Chamber CEO and President Sandy Baruah said the chamber wanted to focus on policy in this year’s agenda.
“The conference continues to grow in its substantive presentations and as a strong statewide platform for policy ideas,” he said.
Attendees, who have paid $1,700-$2,575 to gain entry into the conference at the historic Grand Hotel on the island, will hear from some big names, including former Florida Gov. Jeb Bush, education-reform advocate Michelle Rhee, former U.S. Commerce Secretary Carlos Gutierrez, Black Entertainment Television founder Robert Johnson and “Morning Joe” TV host Joe Scarborough.

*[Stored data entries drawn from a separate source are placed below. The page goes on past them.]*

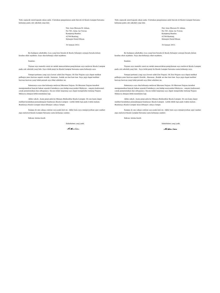 Surat Kiriman Tidak Rasmi Pengalaman Bercuti
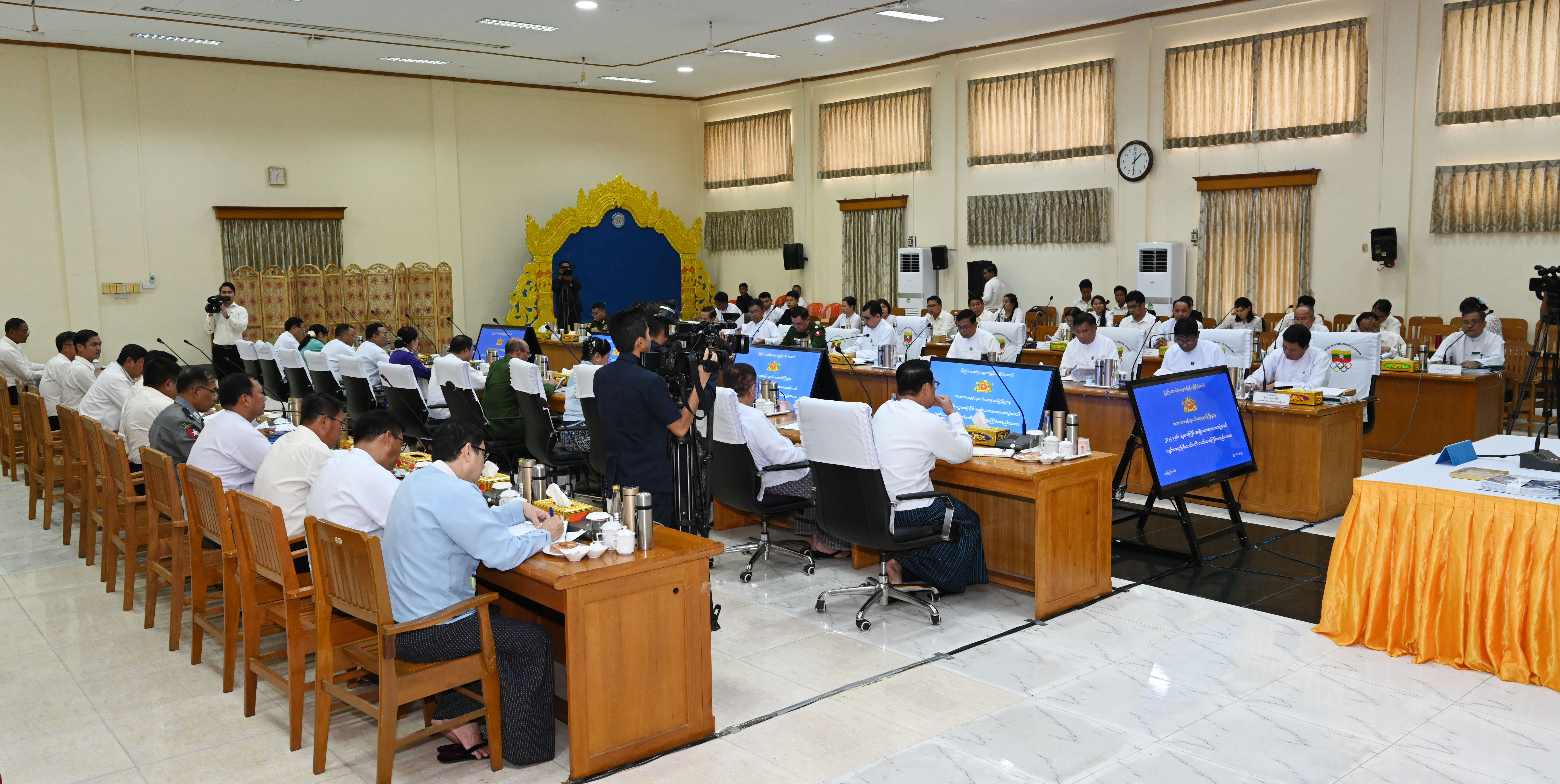 ဆက်လက်၍ ပို့ဆောင်ဆက်သွယ်ရေးဆပ်ကော်မတီ၊ လုံခြုံရေးဆပ်ကော်မတီ၊ ဘဏ္ဍာရေးနှင့် ဆုချီးမြှင့်ရေးဆပ်ကော်မတီ၊ သတင်းထုတ်ပြန်ရေးနှင့် မှတ်တမ်းတင်ရေးဆပ်ကော်မတီ၊ ကျန်းမာရေးဆပ်ကော်မတီ၊ ဖိတ်ကြားရေးနှင့် ကြိုဆိုနေရာချထားရေးဆပ်ကော်မတီ၊ အခမ်းအနား ပြင်ဆင်ရေးဆပ်ကော်မတီ၊ စာရင်းစစ်ဆေးရေးဆပ်ကော်မတီ၊ ပြိုင်ပွဲကျင်းပရေးနှင့်နည်းစနစ်ဆပ်ကော်မတီ၊ တည်းခိုနေထိုင်ရေးနှင့် ဧည့်ခံကျွေးမွေးရေးဆပ်ကော်မတီနှင့် ခုံသမာဓိဆပ်ကော်မတီတို့မှ ဥက္ကဋ္ဌများဖြစ်ကြသည့် ဒုတိယဝန်ကြီးများ၊ ဒုတိယ စာရင်း စစ်ချုပ်နှင့် ညွှန်ကြားရေးမှူးချုပ်တို့က ပဉ္စမအကြိမ် အမျိုးသားအားကစားပွဲတော် အခမ်းအနား အောင်မြင်စွာ ကျင်းပနိုင်ရေးအတွက် သက်ဆိုင်ရာကဏ္ဍများအလိုက် လုပ်ငန်းဆောင်ရွက်ချက်များ၊ ဆောင်ရွက်ပြီးစီးမှုနှင့် ဆက်လက်ဆောင်ရွက်သွားကြမည့် အစီအမံများကို ရှင်းလင်း ဆွေးနွေးတင်ပြကြသည်။
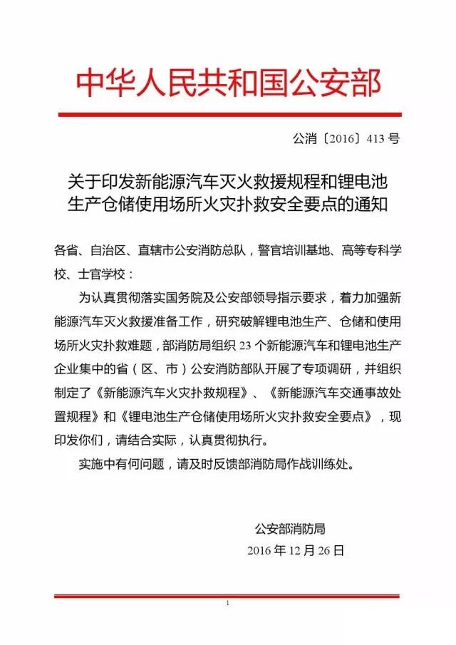 中國(guó)儲(chǔ)能網(wǎng)訊: 12月26日,公安部官網(wǎng)發(fā)布了《關(guān)于印發(fā)新能源汽車滅火救援規(guī)程和鋰電池生產(chǎn)倉(cāng)儲(chǔ)使用場(chǎng)所火災(zāi)撲救安全要點(diǎn)的通知》,《通知》內(nèi)容如下:
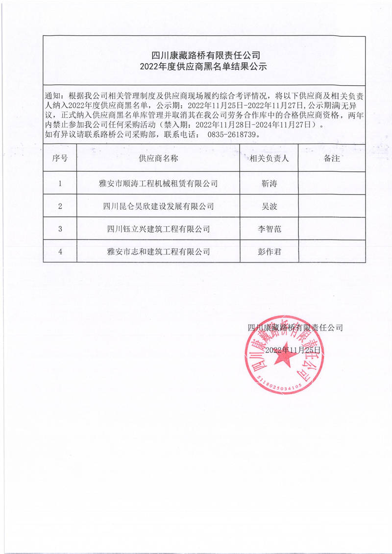 四川康藏路橋有限責任公司2022年度供應商黑名單結果公示
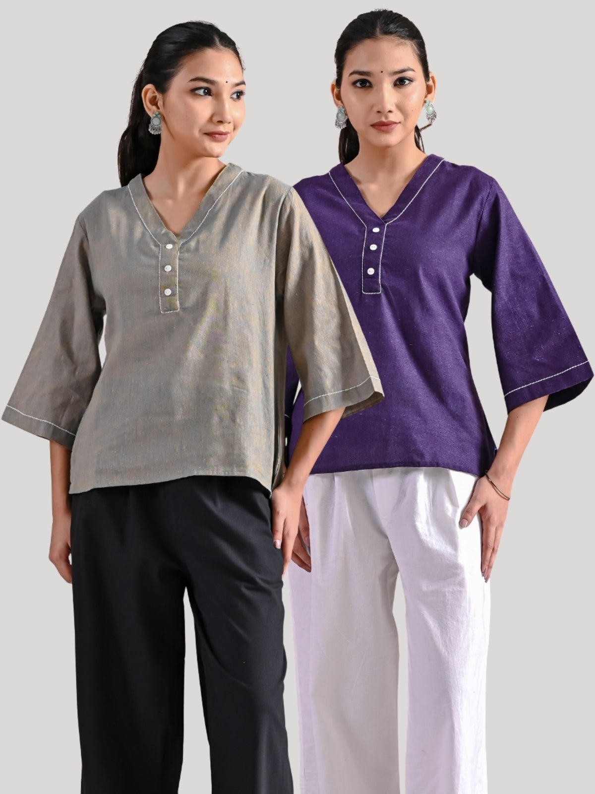 Pack Of 2 Ocian Blue And Purple Handloom Cotton Anchor Thread Designer Tops
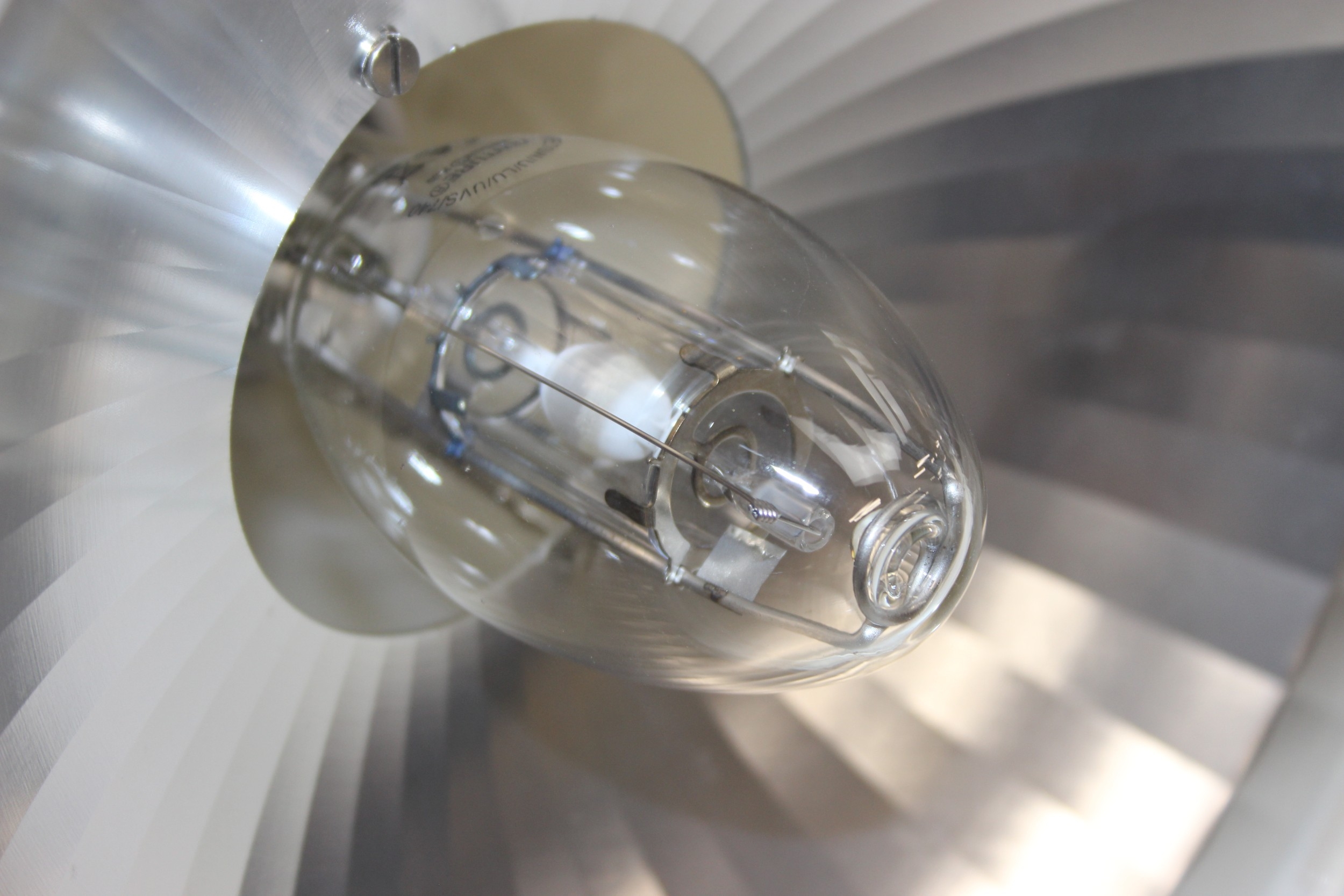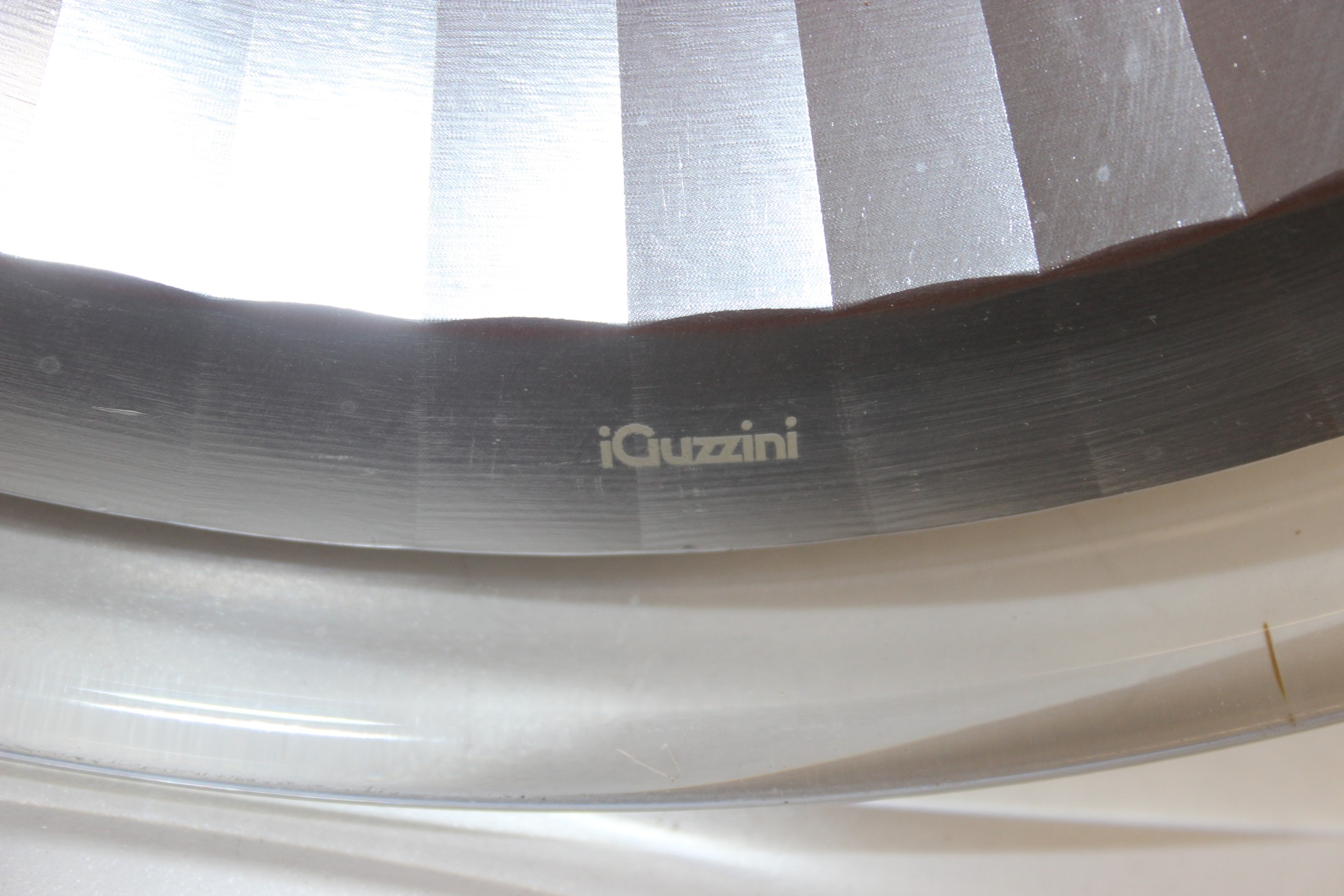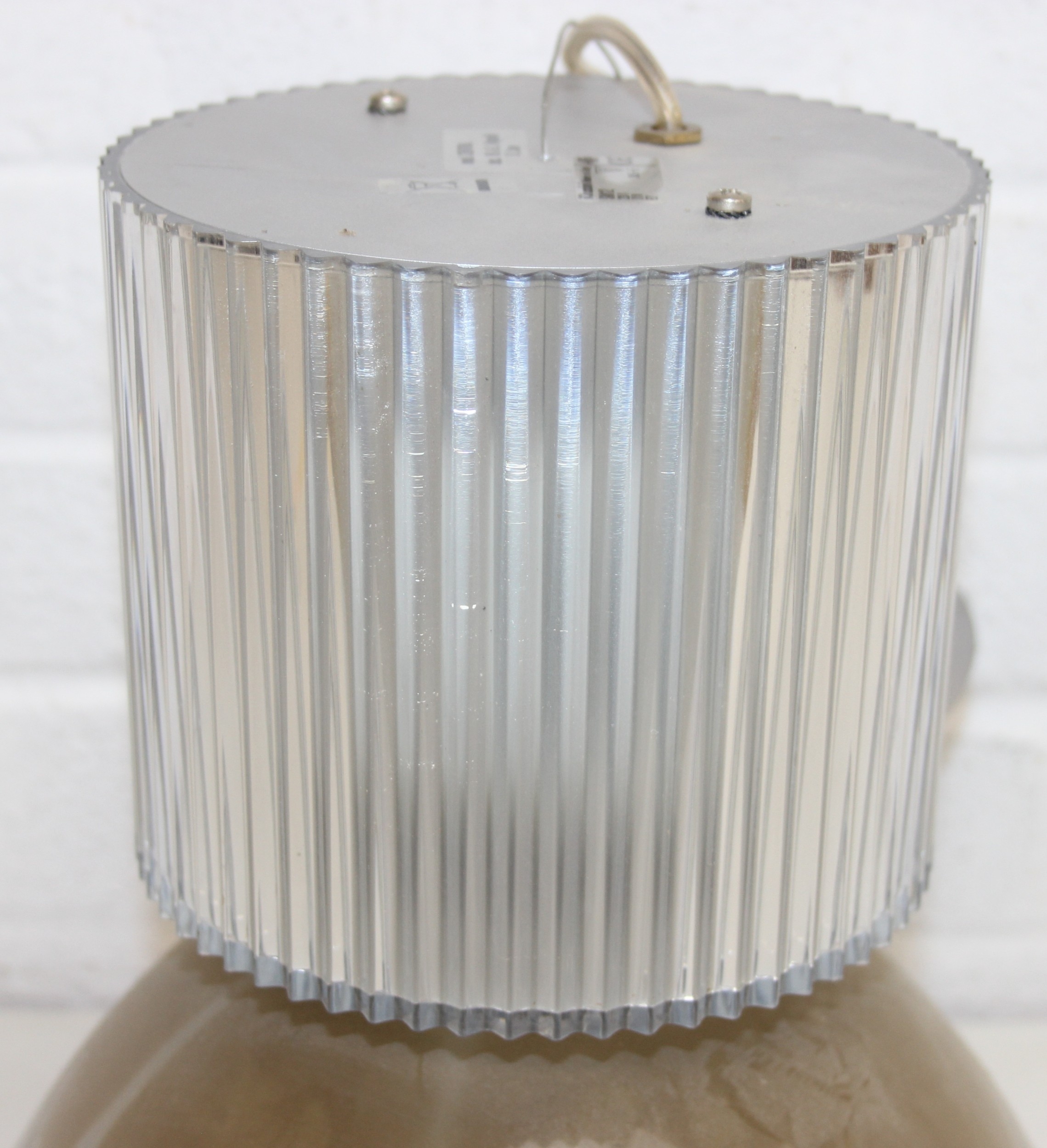 iGuzzini or Guzzini of Italy - an industrial style designer hanging pendant ceiling light designed by M & L Vignelli & D. Law, Central model, 30cm in diameter x 32cm tall, one of five in the sale
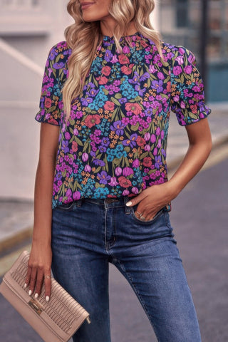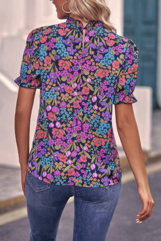 Allover Floral Puff Sleeve Frill Neck Blouse
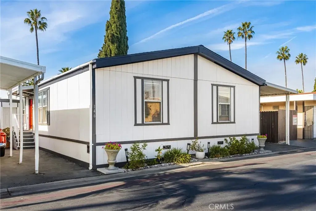 Welcome to 12560 Haster - Stunning, Move-In Ready, Prime Location! This beautifully updated home boasts a new roof, newer interior and exterior paint and laminate flooring throughout for a fresh, modern feel. The open-concept floor plan with vaulted ceilings and dual-pane windows creates a bright, spacious living environment. A new bathtub and shower offer a luxurious retreat, while a separate laundry room and new dishwasher add to the home's convenience. Enjoy outdoor living in your enclosed backyard with a patio and artificial turfone of the only homes in the park with this featureperfect for low-maintenance relaxation. Two storage sheds provide plenty of room for your belongings. Located in a quiet community, this home is just steps away from shopping and dining at the Outlets at Orange and offers easy access to major attractions like Disneyland, Knott's Berry Farm, the beach, and LA. Dont miss out on this exceptional opportunity!
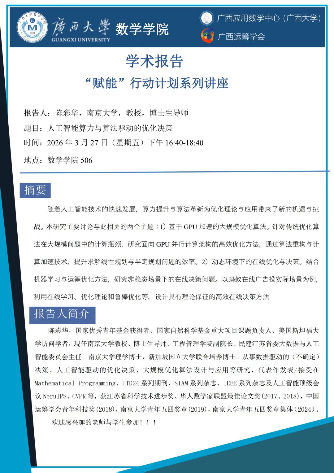 上一条:化学化工学院学术报告: 新型光催化产氢体系构建及表面反应动力学强化机制
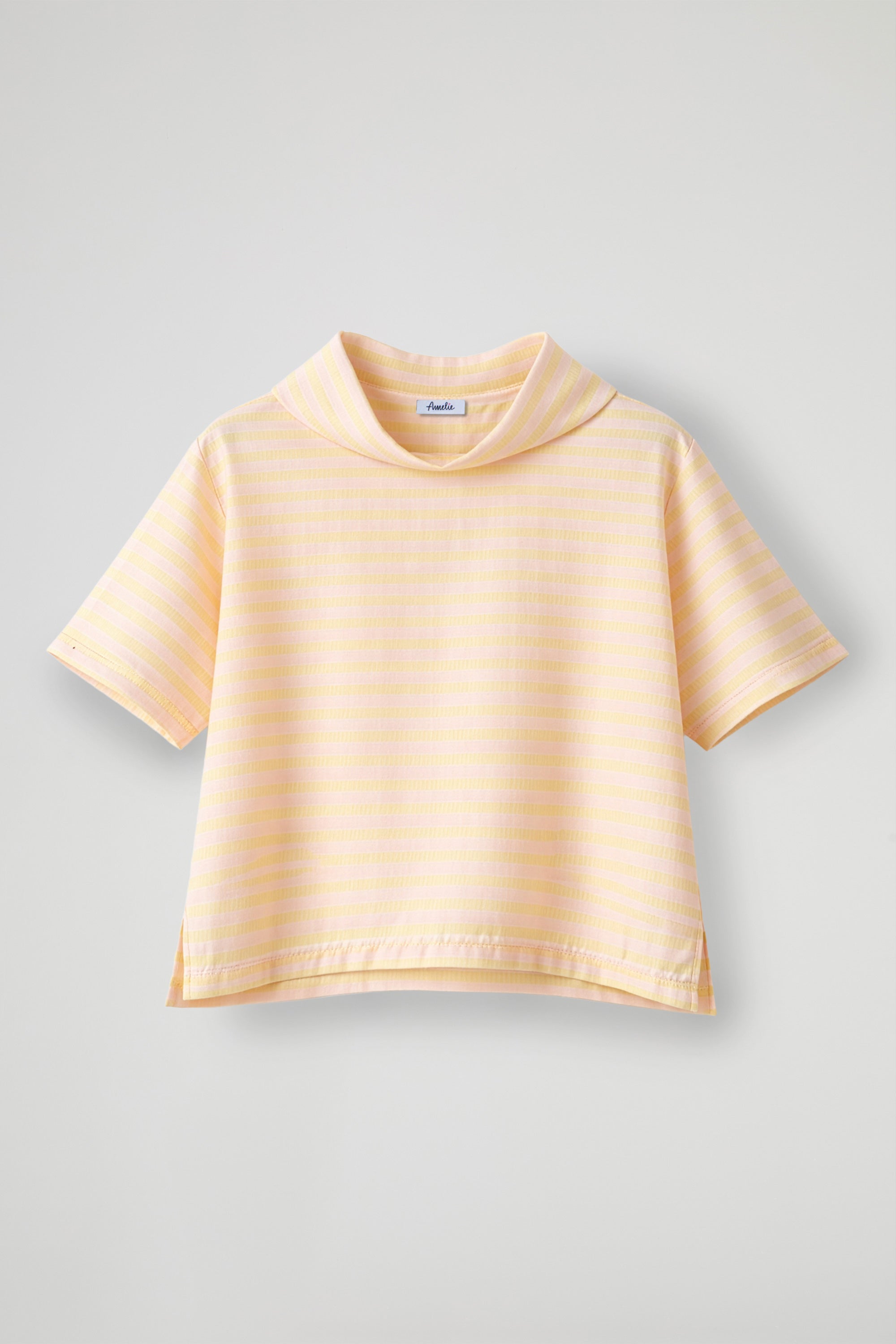 Top a righe dal gusto fresco e contemporaneo. Realizzato in tessuto morbido e confortevole, presenta maniche corte e un originale collo morbido leggermente ampio che dona movimento e carattere al capo. La linea è comoda e leggermente boxy, con piccoli spacchi laterali sul fondo per una maggiore libertà di movimento; Un capo casual e versatile, perfetto per completare look quotidiani con un tocco di stile.
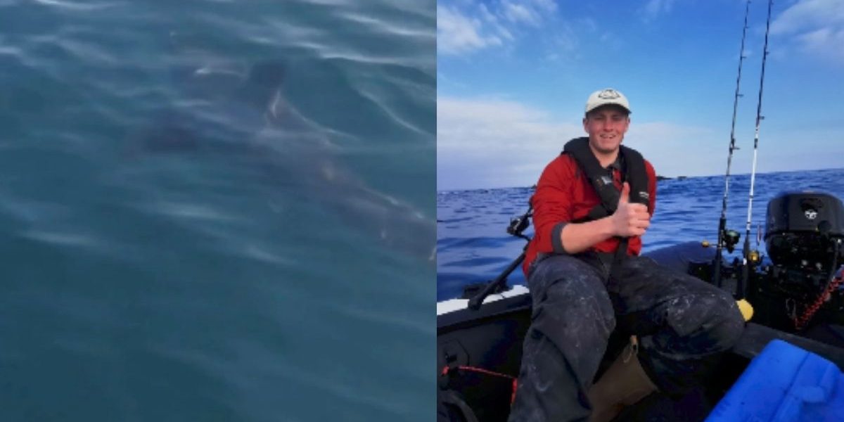 A huge shark circles a fisherman’s boat near Cornwall
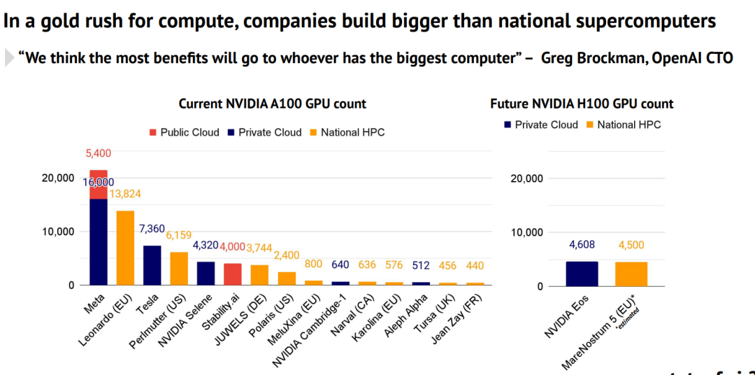 Stateof.ai去年发布了一份人工智能状况报告,对当前各企业和机构拥有的A100和H100数量进行了统计。
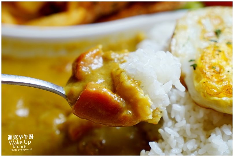 ▼濰克招牌咖哩飯(165元/主餐升級為嫩煎可樂雞柳另加10元),此外還有濰克招牌咖哩飯、生菜沙拉、荷包蛋、原味脆薯、現切水果等,這份量可說是一大盆來計算,連大口看了都覺得應該會吃不完XD
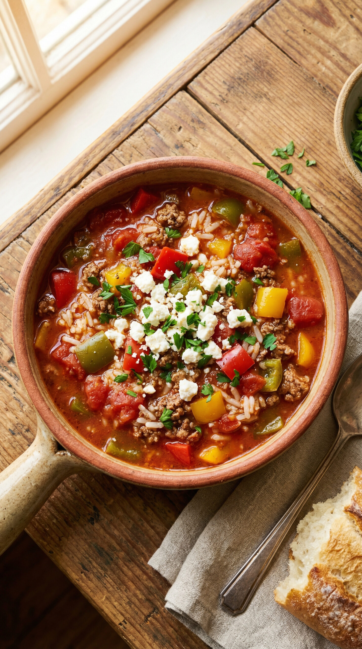 Crockpot Greek Ground Beef & Rice Stuffed Pepper Soup
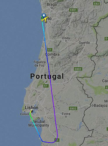 Trên màn hình radar cho thấy, sau khi cất cánh từ Porto, chiếc máy bay di chuyển theo hướng đông nam trước khi quay trở lại và hạ cánh ở Lisbon. Ảnh: Flightradar.

Panels also are lined up to talk about issues affecting auto suppliers and the state of Michigan’s roads, bridges and other infrastructure.
The Legislature has one session, featuring state Sens. Randy Richardville, R-Monroe, and Gretchen Whitmer, D-East Lansing, and state Reps. Jase Bolger, R-Marshall, and Tim Greimel, D-Auburn Hills.
Members of Congress also are expected to attend the conference, Baruah said, but there is no panel time set aside for them yet.
There will be a Detroit mayoral candidate debate, but the lineup won’t be final until it becomes clearer who turned in petitions to run for the office.
A meeting of the Big Four — county Executives L. Brooks Patterson of Oakland, Mark Hackel of Macomb and Bob Ficano of Wayne, along with Detroit Mayor Dave Bing — has always had a premier spot at the conference, but is canceled because of Patterson’s car crash injuries, which have left him primarily using a wheelchair to get around.
The remaining three will all attend and have a role in the conference, Baruah said, but what that is hasn’t been clearly defined yet.